Ontem precisei ministrar uma aula um pouco diferente... A disciplina era Psicologia em Situações de Desastre, e o tema da aula era luto. Tendo estudado um pouco sobre o sentido social da morte e do morrer, decidi começar por essa discussão. Afinal, não é possível pensar em luto sem discutir o significado da morte em nossa sociedade. Então realizei uma enquete com a turma: solicitei que falassem tudo aquilo que vêm à mente quando ouvem a palavra morte. Apareceram as seguintes palavras:



Todas elas se relacionam com os sentidos mais comuns da morte em nosso tempo. Como algo indesejado, doloroso, difícil de superar e que deve ser evitado a todo custo. Essa pequena enquete foi o ponto de partida para as discussões sobre o sentido social da morte e do morrer. Então recorri a Phillipe Ariès, em seu O Homem Diante da Morte, e sua tese sobre a "morte domada" durante a idade média, como meio de contrapor o sentido moderno apresentado pela turma. Para Ariès, a morte era encarada como algo natural na idade média. As mortes ocorriam no seio da família e eram um acontecimento público.
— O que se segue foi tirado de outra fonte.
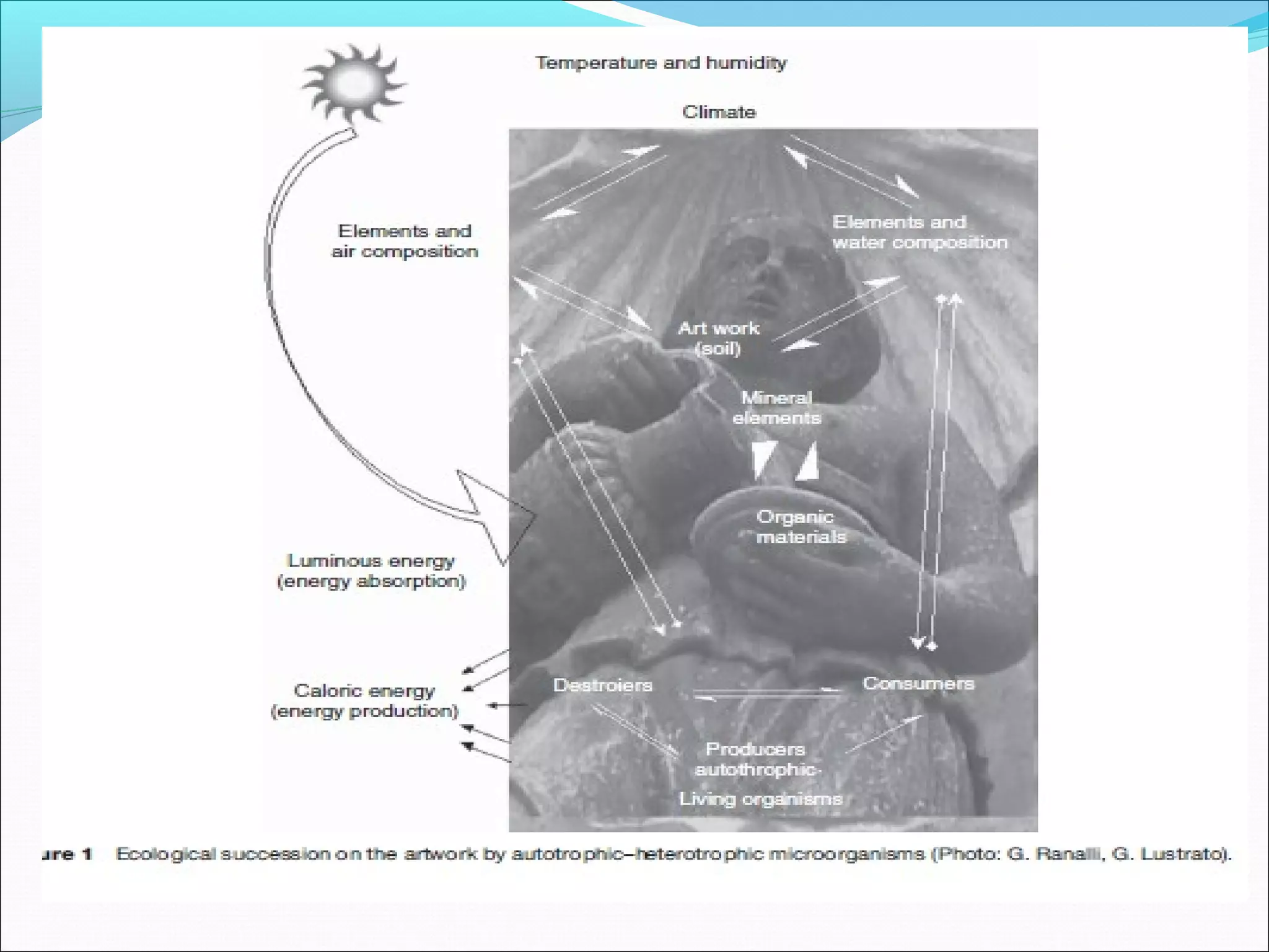 Historicalstone objects (sculptures, buildings,and rocks) and frescoes.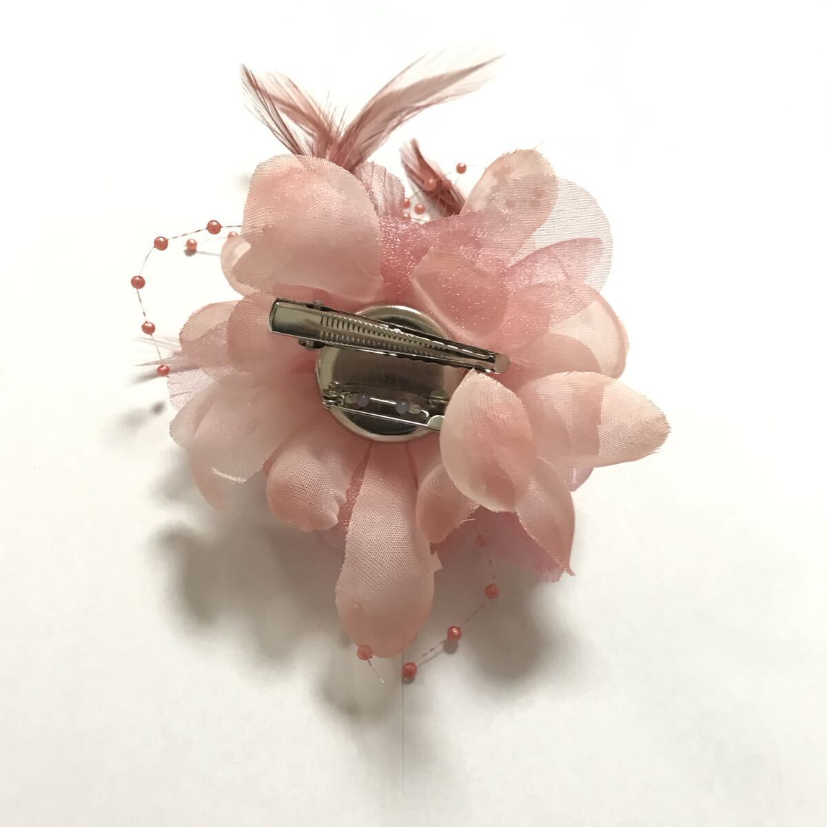 ピンとクリップの2つの留め具がついているため、髪やバッグに飾ることもできます。

Em geral, as pessoas sabiam que a morte estava chegando devido aos sinais de doença, e aguardavam pacientemente seu derradeiro final. Em nosso tempo, em contrapartida, temos uma morte escondida ou envergonhada. Ela costuma ocorrer nos hospitais, em ambiente isolado e asséptico, fora de nosso campo de visão. Nossa tendência natural é esconder a morte, e isso nos leva a uma lida desesperada com esse processo, que é uma das poucas certezas que temos. Sabemos que todos irão morrer, mas pouco pensamos sobre nossa própria morte.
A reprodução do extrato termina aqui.